O Cineclube de Guimarães, dos mais activos e interessantes no panorama cineclubístico português, inicia, na próxima semana, 15 de Abril, o Ciclo "Liberdade", por ocasião da celebração da Revolução de 25 de Abril, com o filme Chove em Santiago (1984), de Helvio Soto.

Através de um simpático convite, escrevi a folha de sala do filme com que o ciclo fechará, a 17 de Maio: Fugiu um Condenado à Morte (1956), do Bresson. No tempo devido, publicarei por aqui esse texto; até lá, não há desculpa melhor para visitar o C. C. Vila Flor e, sobretudo, uma cidade tão singular como Guimarães. Bons filmes.

quarta-feira, 9 de abril de 2014

outras coisas

Não tenho por hábito fazer aqui menção das coisas que publico ligadas à minha formação e profissão, isto é, ligadas ao Direito. Abro agora, no entanto, uma excepção, por se tratar de um artigo que, não obstante o seu ponto de vista eminentemente jurídico, possui ressonâncias além-Direito, já que incide sobre os "cortes" sociais (compressão dos chamados "direitos adquiridos") e sua contextualização na actual crise económica, assim como as repercussões desta última no plano jurídico-constitucional, jurídico-obrigacional e jurídico-político.
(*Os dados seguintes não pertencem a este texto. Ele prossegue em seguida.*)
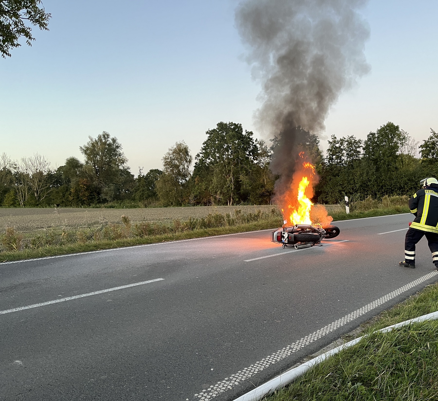 Am Freitagabend hat sich auf der Van-Wingene-Straße zwischen Groothusen und Hamswehrum ein Motorradunfall ereignet. Das Motorrad geriet infolge des Unfalls auf der Straße in Brand. Einsatzkräfte der Feuerwehr konnten die Flammen zügig löschen. Der Rettungsdienst transportierte den verunfallten Motorradfahrer in ein Krankenhaus. Aufgrund der Kollision mit einem Wildtier suchten Einsatzkräfte der Feuerwehr die Umgebung mit Hilfe einer Wärmebildkamera nach dem Tier ab. Sie fanden das verendete Rehwild unweit der Unfallstelle auf. Während des Einsatzes musste die Van-Wingene-Straße voll gesperrt werden. Im Einsatz waren die Feuerwehren Krummhörn-West, Krummhörn-Mitte sowie Rettungsdienst und Polizei.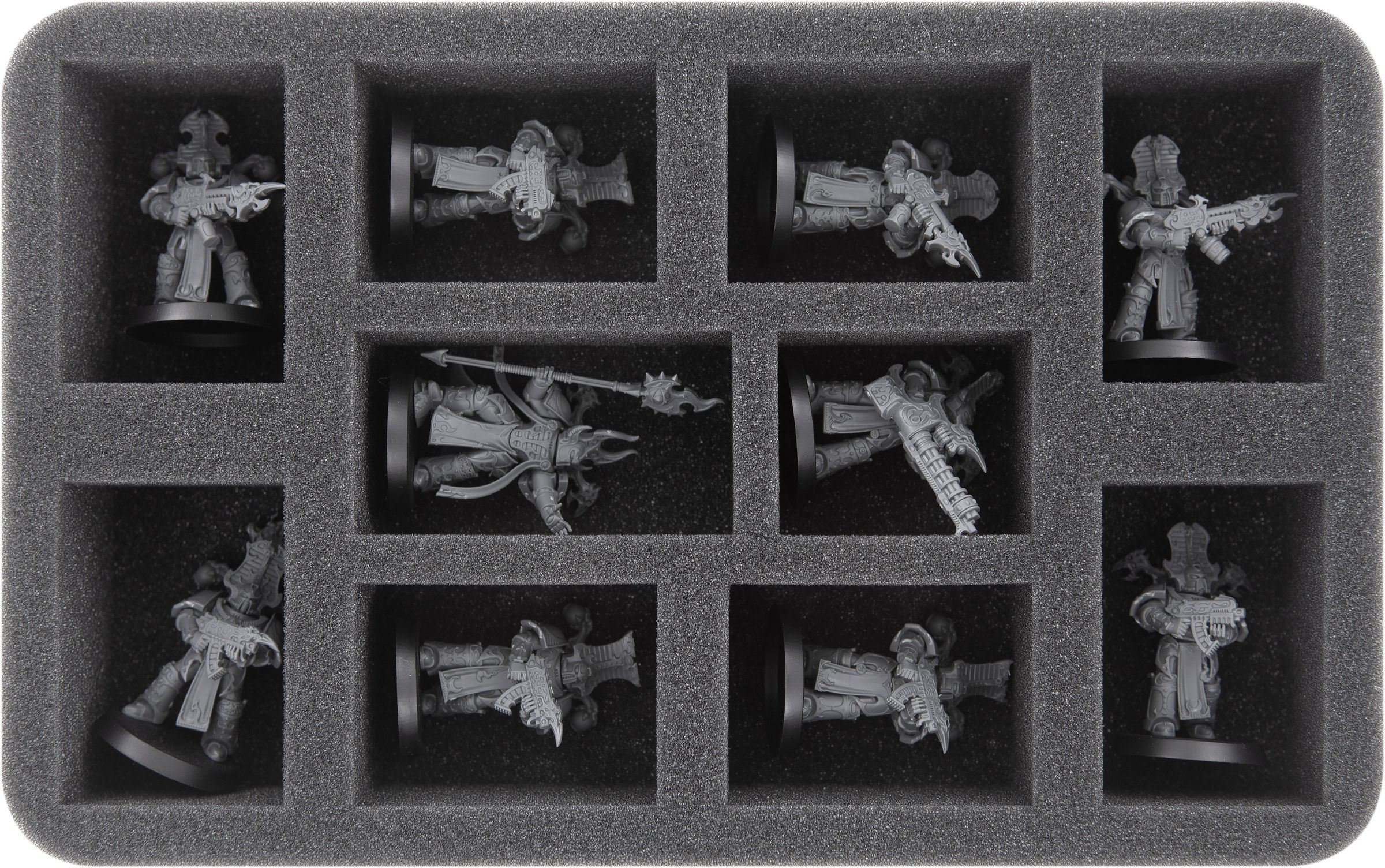 One additional foam tray with 32 compartments allows you to properly store standard-warrior-models on up to 32 mm bases, such as Rubric Marines.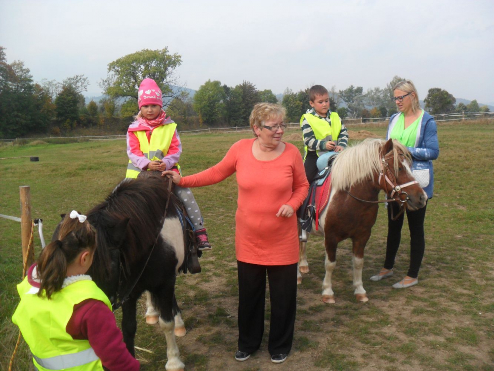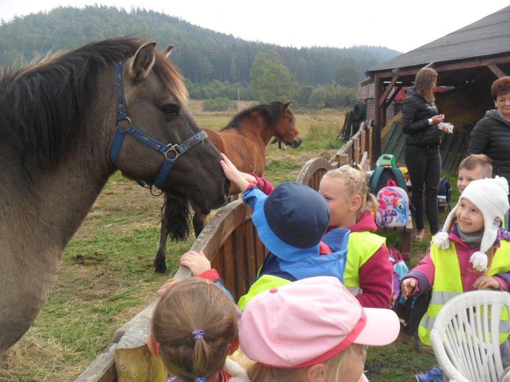 Grupa Tańczące Nutki dnia 28.09. 2016 odwiedziła Kucykowo. Ognisko, pieczone kiełbaski i śniadanie na świeżym powietrzu wszystkim się podobały. Dzieci miały okazję, dzięki uprzejmości gospodarzy ośrodka, pojeździć na konikach, poobserwować ich zachowanie i je pogłaskać. Oprócz tego można było pobawić się w piaskownicy, pohuśtać, pograć i poćwiczyć. Pogoda i humory dopisały zarówno dzieciom jak i towarzyszącym im mamusiom.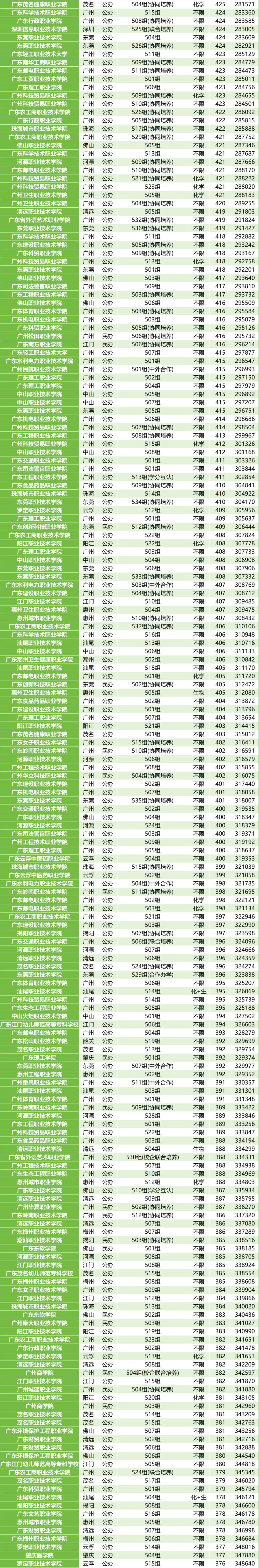 广东农工商职业技术学院506组(协同培养):最低分数为426分,位次97981。

Para os interessados, o artigo intitula-se "A erosão do contrato social e os perigos para o pacta sunt servanda: estaremos dispostos a arcar com todas as consequências?" e está publicado no recentemente editado número nono da Revista de Direito Público, Janeiro-Junho 2013, pela Almedina (v. ali).

sexta-feira, 4 de abril de 2014

o Bresson que há em mim


Au Hasard Balthazar (1966), Robert Bresson.

Nunca tinha pensado nisto, mas agora que ando a escrever - e a recuperar algumas ideias, com o tempo desbotadas - sobre o Bresson, dei-me conta que este meu post é muito bressoniano - ou melhor, que essa coisa da obsessão por um rosto que é uma folha em branco escancarada para as coisas e para as palavras, o mistério e a neutralidade límpida reflectores de serenidade e de um certo desligamento solipsista em relação ao mundo tem muito da filosofia dos "modèles" (curiosamente, certos modelos, entenda-se das passerelle, não deixam de ostentar um rosto rigidamente blanche, neutro, como, creio, o Bresson apreciaria). Não é que seja relevante, mas não sei exactamente o que isso diz de mim.

quinta-feira, 3 de abril de 2014

Darling




"Darlin", álbum E&J (2014). Dag Savage.

Das mãos de um dos mais elegantes produtores (Exile) da actualidade só podia sair uma preciosidade assim. E&J ainda há pouco saiu e já temos a certeza de que é um dos álbuns de hip-hop do ano. Cheers.